Если бы не попала тогда эта повреждённая яхта в достаточно экстремальные погодные условия, возможно, тихо привезли бы они свинцовый балласт по назначению, не похоронив его на могильном дне Атлантического океана.

Последнее предупреждение свыше и... предпоследняя ошибка капитана — сделаны в четверг, 15 мая. В этот будний день, в трюмном пространстве кают-компании была обнаружена солёная морская вода.

Герметичный корпус любой пластиковой лодки, если вовсе исключить течь иллюминаторов и вантовых креплений, способен фильтровать забортную воду в четырёх точках. Во-первых — гельмпорт баллера рулевого пера. Во-вторых — это система помповых отверстий и гребного вала, в-третьих — слив камбузно-гальюнного хозяйства и наконец в-четвёртых... крепление фальшкиля.

Общий снимок. Все довольны...
Конкретный вариант течи, при необходимости, совершенно доступно выявить с помощью бумажных индикаторов. Но, как раз, это и не было проделано экипажем. Капитан не смог выяснить откуда поступает забортная вода.

Знай он точно, что причиной появившейся течи является разболтанное крепление фальшкиля, возможно, смог бы принять и вооружиться продуманным всей командой (включая шефа Дага Иннеса) единственно правильным решением.

А вердикт, на мой взгляд, заключался в отказе от движения под парусом острыми курсами и при критическом крене. В осмыслении необходимости закачки балластных вод (при наличии возможности), конкретной подготовки индивидуальных и коллективных спас/средств и совершенной готовностью экипажа мгновенно «срубить» мачту в случае брочинга при возобновлении неизбежно-вынужденного перемещения под парусами. 

Схема поисковой операции
Если передвижение аварийной лодки с попутным ветром (фордевинд и полный бакштаг) ещё было бы допустимым, то кренящий момент при попытке привестись к весьма рискованному острому курсу (бейдевинд) или даже передвигаться в пол-ветра (галфвинд) при неизбежном условии нарастания скорости ветра до штормовой, — смерти подобен.

Однако довольно самоуверенный мореплаватель отрапортовал директору центра, что ситуация находится вполне под его контролем и испросил разрешения зайти на Азорские острова для быстрого и лёгкого устранения таинственной течи.

Одобрение срочного проведения ремонтных работ на Азорах было дано без всяких ограничений по условиям нештатного перехода, хотя «топать» туда предстояло не менее десяти суток. К тому же, не более чем через десяток часов пути, повреждённая лодка должна была оказаться в зоне штормового предупреждения.

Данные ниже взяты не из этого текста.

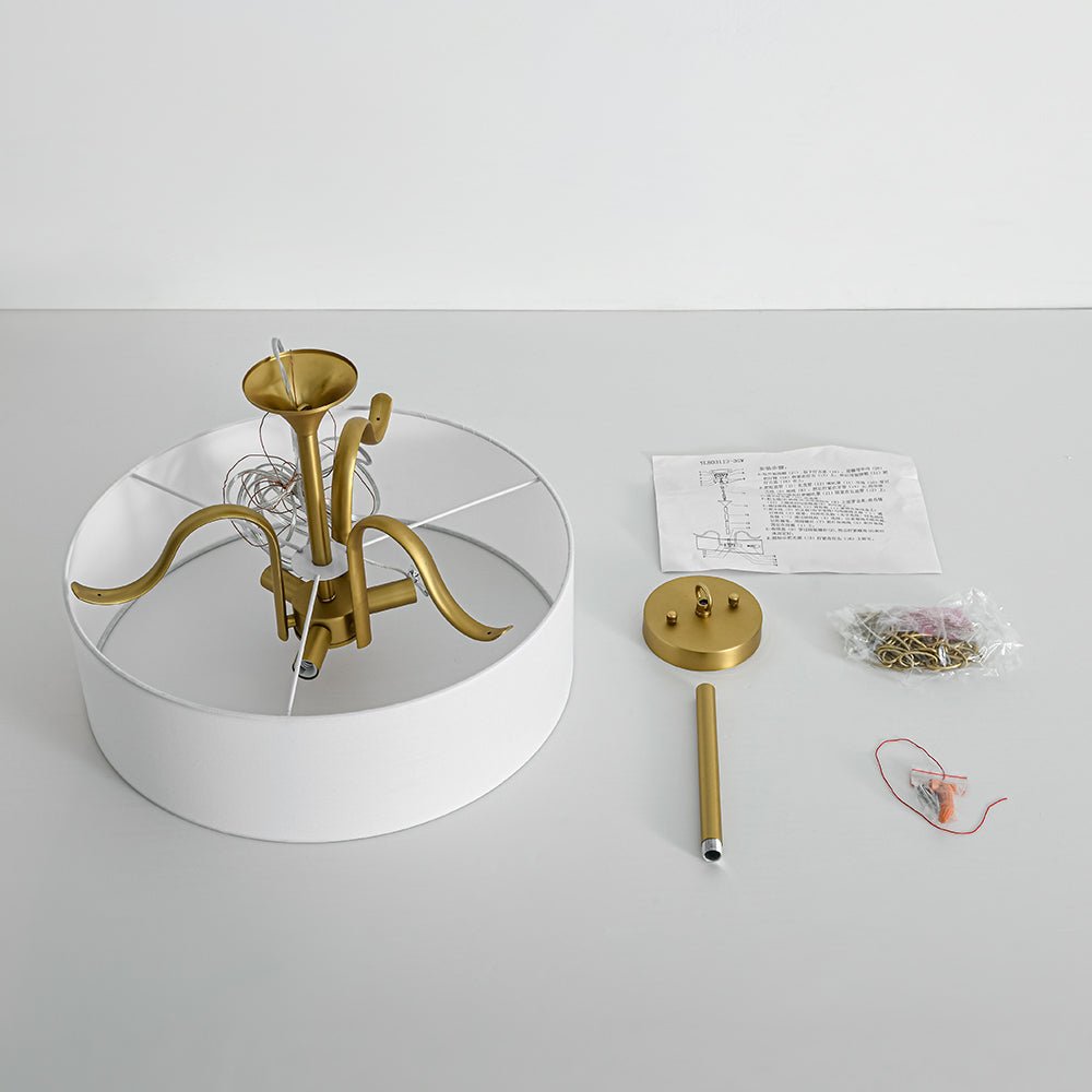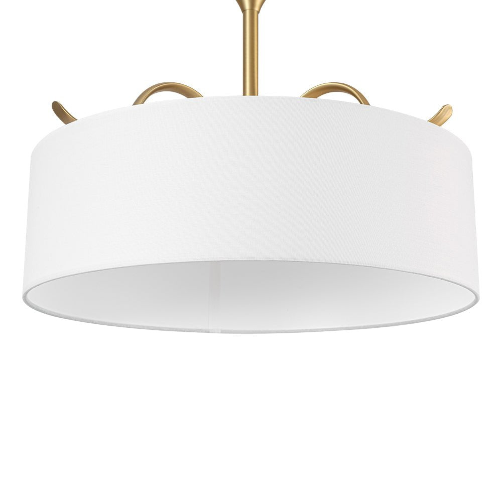 Brass White Fabric Drum Cage Semi Flush Dual Mount Chandelier
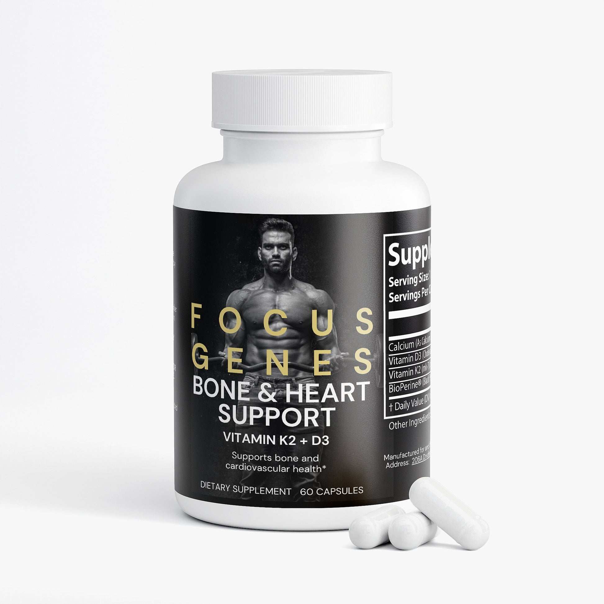 Ingredients: Calcium (as Calcium Carbonate), Vitamin D3 (Cholecalciferol), Vitamin K2 (mk-7)(as Menaquinone), BioPerine® (Black Pepper Fruit Extract), Microcrystalline Cellulose, Hypromellose (vegetable capsule).
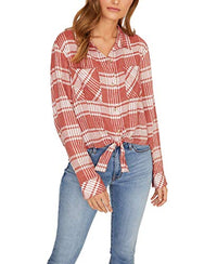 The tie at the front transforms the classic button-up silhouette of this plaid shirt from Sanctuary, creating a modern and fresh look. Hits at hip; approx. 21-1/2" long V-neckline; button-front closures Tie at front hem; pockets at chest Linen/rayon Machine washable Imported Web ID: 8431657
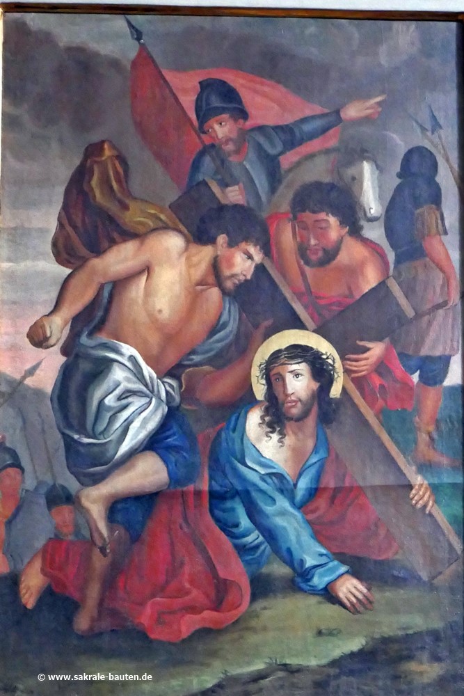 Jesus fällt unter der Last des Kreuzes. Im biblischen Ablauf der Leidensgeschichte Jesu gibt es diese Szene nicht.
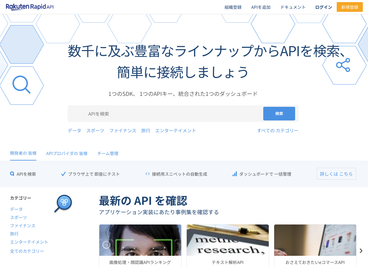 Rakuten RapidAPI は、開発者が API を検索・接続し、利用状況を管理できる API マーケットプレイスです。ご自身のプロジェクトに必要な API を検索してアプリに埋め込み、ダッシュボードで API の利用状況が一括管理できます。
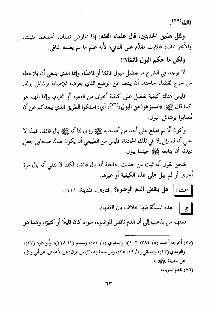 نام کتاب : المسائل العلمية والفتاوى الشرعية فتاوى الشيخ العلامة محمد ناصر الدين الألباني في المدينة والإمارات نویسنده : عمرو عبد المنعم سليم جلد : 1 صفحه : 63

Предпоследняя ошибка явилась убойным коллективным продуктом, но и она ещё оставляла шансы на выживание. Ведь непосредственное спасение утопающих, как известно, дело рук самих утопающих… Что же в итоге сыграло роль самой последней капли, переполнившей чашу терпения всевышнего, столь долгое время выдававшего кредит милосердия? Что превратилось в заключительную и смертельную ошибку капитана?

Береговая охрана США
Этой ошибкой, как водится, стала самая обычная — до смертной скуки банальная бездеятельность расслабленного яхтсмена в аспекте готовности к вероятному аварийному исходу ситуации. Прежде всего, не был извлечён из рундука кокпита, не осмотрен и не приготовлен к эвакуации надувной спасательный плот, с аварийным радиобуем.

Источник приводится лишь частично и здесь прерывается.